:: Information shown ::

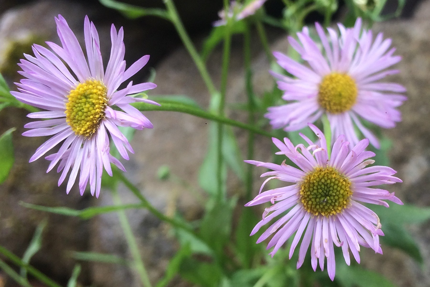 Erigeron is quite a large genus, with 390 species of annuals, biennials and perennials, not including all of the cultivars on the market too. The most widely used common name, fleabane, is shared with related plants in several other genera. It is derived from the belief that the dried plants repelled fleas, whilst the name Erigeron is derived from the Greek (eri = early; geron = old man), a reference to the appearance of the white hairs of the fruit soon after flowering.
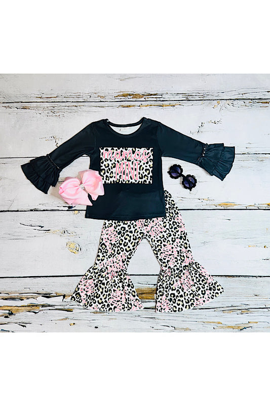 Long sleeve "mamas MINI" print & bell-bottom pant 2pcs girls boutique clothing sets
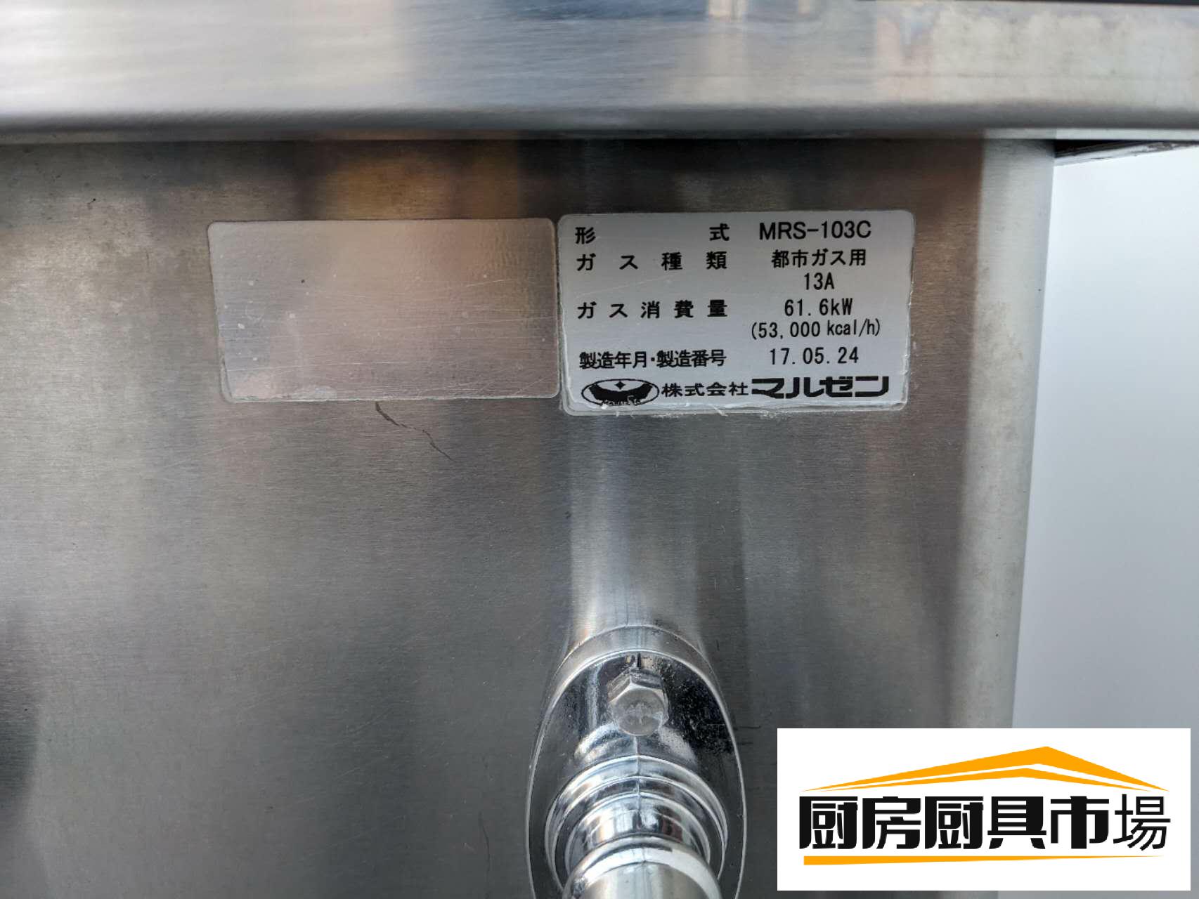 【中古品】番号KT177◆マルゼン 中華レンジ MRS-103C 都市ガス用 2017年 幅1750×奥行850×高さ730動作問題なし☆ 【製品概要】 メーカー: マルゼン 型式:MRS-103C 年式 :2017年製 ガス種類: 都市ガス用 13A ガス消費量 :61.6kW(53000kcal/h) |

:::

▸ The problem:
Every line above should be returned exactly; the pictures stay out.

▸ Written response:
 Erigeron is quite a large genus, with 390 species of annuals, biennials and perennials, not including all of the cultivars on the market too. The most widely used common name, fleabane, is shared with related plants in several other genera. It is derived from the belief that the dried plants repelled fleas, whilst the name Erigeron is derived from the Greek (eri = early; geron = old man), a reference to the appearance of the white hairs of the fruit soon after flowering.
 Long sleeve "mamas MINI" print & bell-bottom pant 2pcs girls boutique clothing sets
 【中古品】番号KT177◆マルゼン 中華レンジ MRS-103C 都市ガス用 2017年 幅1750×奥行850×高さ730動作問題なし☆ 【製品概要】 メーカー: マルゼン 型式:MRS-103C 年式 :2017年製 ガス種類: 都市ガス用 13A ガス消費量 :61.6kW(53000kcal/h) |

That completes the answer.